Lucky is a water dog. The only dog I've ever owned that didn't just like it...but thrives in it. When i let him outside he sits by the water hose begging. The kiddie pool and water hose has been his favorite toy. 

Lucky must have something in his mouth. This is differnet then my other breeds. He's always picking something up and taking it to me. and he is very gentle and softmouthed while holding things that are mine. 

Lucky is very, very sensitive to children and people. He is never rough with the kids even if they play rough. But he knows he can be rough with the "Alpha Dad". He seems to really understand the complexities of different people. Some of this is a result of training, but I've noticed a big development in this area since he's gotten older.

He is motivated to please me. Which makes communication and house rules very simple. 


There are some less enticing things as well. He was an ultra nipper when he was a puppy. I never had a puppy that tore up my arms like he did. 

He's prone to allergies...mainly flea but probably others. Gets hot spots more easily then other shorter haired breeds. I'm always checking his skin to make sure I'm not missing something under his long hair.

But in truth, every Golden is different. this is only my Lucky.

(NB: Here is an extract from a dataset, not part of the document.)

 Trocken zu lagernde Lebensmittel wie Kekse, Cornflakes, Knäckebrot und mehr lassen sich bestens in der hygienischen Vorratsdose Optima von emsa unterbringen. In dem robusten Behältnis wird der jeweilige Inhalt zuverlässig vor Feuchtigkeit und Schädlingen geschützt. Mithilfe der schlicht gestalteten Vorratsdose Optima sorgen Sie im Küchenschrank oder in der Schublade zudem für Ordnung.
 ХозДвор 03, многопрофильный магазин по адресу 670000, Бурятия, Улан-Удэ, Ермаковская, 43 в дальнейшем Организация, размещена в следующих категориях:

I will love to hear more about Bella and Remy. It sounds like you have your hands full.

Cyndi


----------



## Aimee (Jun 8, 2006)

Hi Cyndi,
Thanks for writing. I am really enjoying getting to know these guys. So far they seem like wonderful dogs. I noticed they both like to use their front paw to get my attention. Like if I'm petting Bella, and stop, she will put her paw on me telling me she wants more. Remy seems the same way. Remy also like your dog, LOVES water, he jumps in the little kiddie pool I have out side and attacks the hose when the water is coming out. He's only 5 months old so we have some time to get to know him. He get's neutered this coming Tuesday, I DREAD that, the house will seem empty without him and I'm sure Bella will miss him, they play all day long.
These are my first purebreed dogs, I've always had mix breed dogs, so like I said this is new to me and am grateful to anyone that can tell me anymore about the breed.. 
So far though, they have been wonderful!!
Okay, I've yakked long enough, have a good day
Aimee


----------



## Buffy & Abby's Mom (Nov 27, 2005)

Aimee: My Buffy is like Bella in the fact that she loves anyone and everyone. And we've had her since she was 6 weeks old. I think that is just in their personality to love people, especially kids. But I'm sure, given time, she will come to regard you as "extra special" like Buffy does us, especially me. She's a "Mommy's Girl". 

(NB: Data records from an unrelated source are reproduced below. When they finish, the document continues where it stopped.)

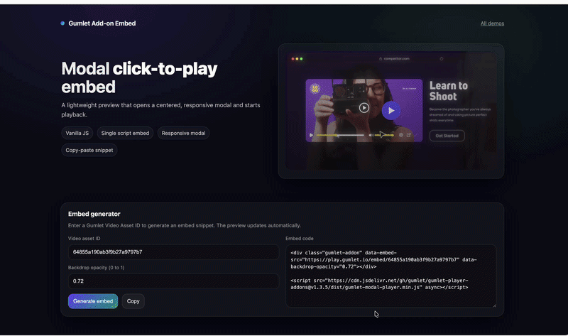 <script src="https://cdn.jsdelivr.net/gh/gumlet/[email protected]/dist/gumlet-modal-player.min.js" async></script>
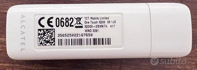 Vendo modem USB Alcatel One Touch X200 (codice: 081S WIN 3391) marchiato Wind, con strass decorativi tipo Swarovski applicati. Può essere utilizzato con SIM dati 3G/HSPA.
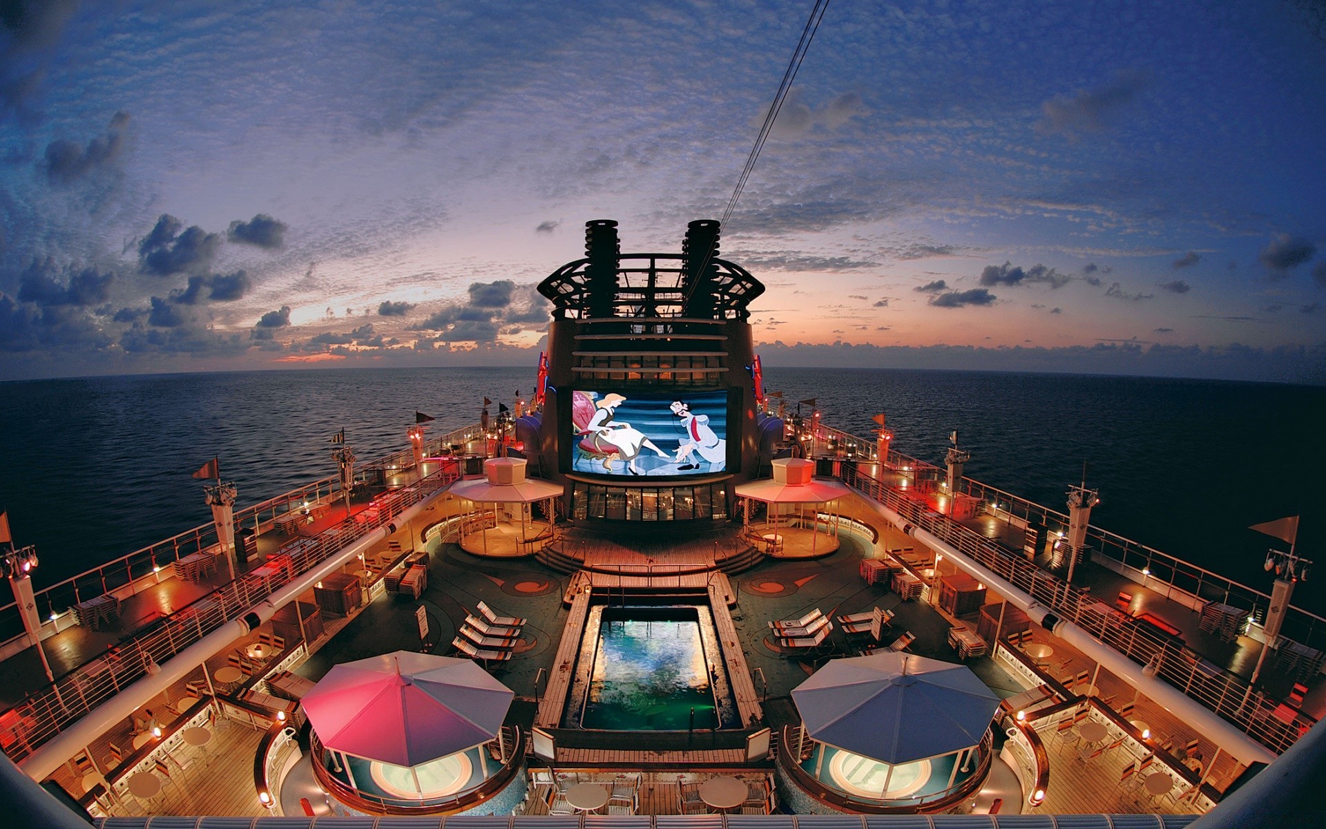 Blick auf die Stadt am anderen Ufer von der Nachtpromenade

Abby, my other, is more stand-offish with other people, she takes her time to get to know people. But she was a rescue, at 10 months old, who had been neglected, probably abused. Nine months later, she trusts us and is finally able to show her true personality to us.

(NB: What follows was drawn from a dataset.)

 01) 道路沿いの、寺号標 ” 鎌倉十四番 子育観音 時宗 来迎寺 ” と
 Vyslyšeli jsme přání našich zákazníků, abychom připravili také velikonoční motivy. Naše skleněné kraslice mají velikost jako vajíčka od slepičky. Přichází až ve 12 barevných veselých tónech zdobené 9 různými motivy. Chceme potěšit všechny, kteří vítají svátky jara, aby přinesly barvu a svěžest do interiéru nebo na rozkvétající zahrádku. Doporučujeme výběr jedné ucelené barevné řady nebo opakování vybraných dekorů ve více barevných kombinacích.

It's amazing to us to watch them, knowing how different they are but yet so many similarities. Abby though is picking up a lot of Buffy's mannerisms as time goes by and vice versa. Abby does the pawing thing when she wants petted (or more petted) and now Buffy (who is 4) is starting to do that. Buffy always would nudge me with her nose before. I think I like the nudging better - no claws involved. 

The both love fetch. Abby less so but Buffy is obsessed with fetching and will fetch til she drops. Abby prefers laying and chewing on a stick. 

What I like about goldens is that they're always ready to do whatever you want to do. If you're just sitting around, they're content to do that but when you're ready to go for a walk or in the car, they're definitely ready to do that too. They are the best companions! They just want to be with their people. And I have a caravan following me from room to room to prove it.


----------



## Brandy's Mom (Oct 5, 2005)

Aimee, first thank you for rescuing! It sounds like both of your new babies have a wonderful mom. 

Using the paw is a golden trait. If it's not their paw, they may also nudge you with their nose to get your attention. Goldens LOVE their family more than anything else. 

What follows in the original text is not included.